Bar l'Opiuma, 01h

Shiguré descendait son troisième verre. Du whisky sec, assez aigre. Il ne s'attendait pas à consommer une bouteille de qualité. Il voulait seulement s'évader. Il ne se sentait pas ivre, divaguant tout au plus. Ses gestes se faisaient plus lents, plus mesurés. Mais rien ne troublait son esprit. Derrière ses yeux noirs, maintenant vitreux, la même résolution, la même promesse.

Il resserra ses doigts autour de son verre presque vide. Il aurait voulu le briser et s'entailler les doigts, ressentir la douleur. Oui, ressentir. Il avait peur, parfois, que son cœur devienne froid, emprisonné dans la haine.

« Aider Akito ».Voilà ce qu'avait proposé Kureno. Cet imbécile de Kureno, ce traître de Kureno, qui avait osé pénétrer chez lui ce soir, armé de toute sa bonne volonté et son désir de bien faire.

Il était venu, chez lui, demander l'aide de tout le juunishi pour aider Akito.

Cesse de baiser avec la femme que j'aime, et on verra, avait-il eu envie de crier à ce moment-là. La femme que j'aime, la déesse que je dois partager avec douze autres personnes, celle qui n'est jamais totalement à moi, mon obsession.

Ils savaient maintenant qu'Akito était une femme. Et ils voulaient tous l'aider.

L'aider à quoi ?Même eux n'en savaient rien.

Shiguré n'avait jamais voulu aider Akito. Il voulait la posséder. Il la voulait pour lui. La libérer, oui, bien sûr, mais pour qu'elle lui appartienne, pour lui donner une nouvelle prison, la plus belle, la plus dorée, dans laquelle ils pourraient vivre et s'aimer, sans que Shiguré ait besoin de la partager, sans qu'elle puisse s'échapper.

Il était égoïste. Oh oui, il le savait ! Mais il l'aimait.
Il était pourtant convaincu qu'elle pourrait être heureuse à ses côtés.
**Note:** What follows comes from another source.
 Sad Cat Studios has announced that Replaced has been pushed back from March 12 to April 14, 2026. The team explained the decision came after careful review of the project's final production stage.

Et c'était pour cela qu'il avait œuvré depuis si longtemps. Mais depuis quelque temps, c'était de plus en plus dur. Il ne parvenait plus à faire semblant, à feindre la légèreté. Trop de temps, trop d'énergie. Il se sentait sur le point d'exploser, par colère et par désir. Akito était à lui, uniquement à lui. Et elle devait l'accepter. Même si, pour cela, elle devait souffrir. Même si, pour cela il devait la briser.

Il avait peur de lui faire du mal, il avait peur d'aller trop loin. Mais alors pourquoi n'abandonnait-il pas ? Pourquoi continuait-il à la vouloir ? Il ne s'était jamais posé la question.
Il ne pouvait n'y avoir qu'une seule femme pour lui.

« Ça va, monsieur ? »

Shiguré leva les yeux vers le barman, qui venait de lui parler, pencher au-dessus de son bar.
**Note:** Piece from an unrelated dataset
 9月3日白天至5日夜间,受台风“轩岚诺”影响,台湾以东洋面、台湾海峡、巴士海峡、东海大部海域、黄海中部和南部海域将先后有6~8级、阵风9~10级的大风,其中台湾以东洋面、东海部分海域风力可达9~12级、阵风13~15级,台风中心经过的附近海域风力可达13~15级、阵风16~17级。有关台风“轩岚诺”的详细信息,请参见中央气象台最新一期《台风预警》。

La trentaine, un visage frais, qui n'allait pas avec le décor assez lugubre de l'établissement.

« Pourquoi ? J'ai l'air mal au point ?» demanda Shiguré en portant son verre à ses lèvres.

Le barman rit doucement.

« Pas plus que les autres mecs qui viennent seuls tard le soir. Mais ils n'ont pas votre tête, ou votre classe. Vous avez l'air d'un type qui peut tout avoir.

- Vous ne devriez pas vous fier aux apparences. Je n'ai pas ce que je désire.
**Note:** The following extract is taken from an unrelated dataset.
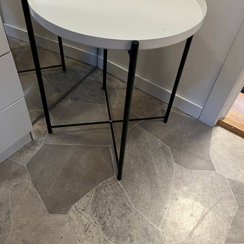 Selger et brettbord/sidebord/nattbord fra IKEA i farge mørk gråbeige. Bordet har en liten bulk oppå brettet, se bilde 3 og 4. Uten betydning for bruk og lite synlig. Kan hentes ved Lunde skole, send melding for adresse.
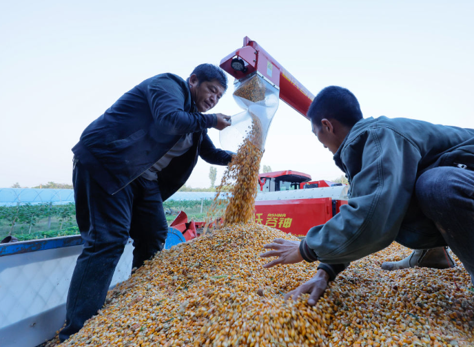 10月13日,山西省运城市万荣县里望乡村民趁着晴好天气抢收玉米。新华社发(闫鑫摄)

Une voix vint de sa gauche.
« Vous pourriez.»
Shiguré se tourna. Une jeune femme aux longs cheveux bruns avait pris place sur le siège à ses côtés. Elle portait une robe noire fine et des bottes à talons. Elle avait un beau visage et un corps attirant. Ce furent les seuls détails que l'esprit ivre distingua de la jeune fille.

« Vous êtes un bel homme, » continua l'inconnue en souriant tendrement.

Shiguré lui rendit son sourire, amusé par l'attitude assez directe de la jeune femme. Elle s'attendait sans doute à ce que Shiguré lui retourne le compliment et lui vanta sa beauté, mais il n'en fit rien. Il se contenta de commander un quatrième whisky au barman, et d'offrir à la jeune demoiselle ce qu'elle voulait. Il paierait. Pourquoi ? Peu importe. Il ne voulait pas être seul. Et la jeune femme était ravissante, n'est-ce pas ? Visiblement ravie, l'inconnue commanda un martini blanc.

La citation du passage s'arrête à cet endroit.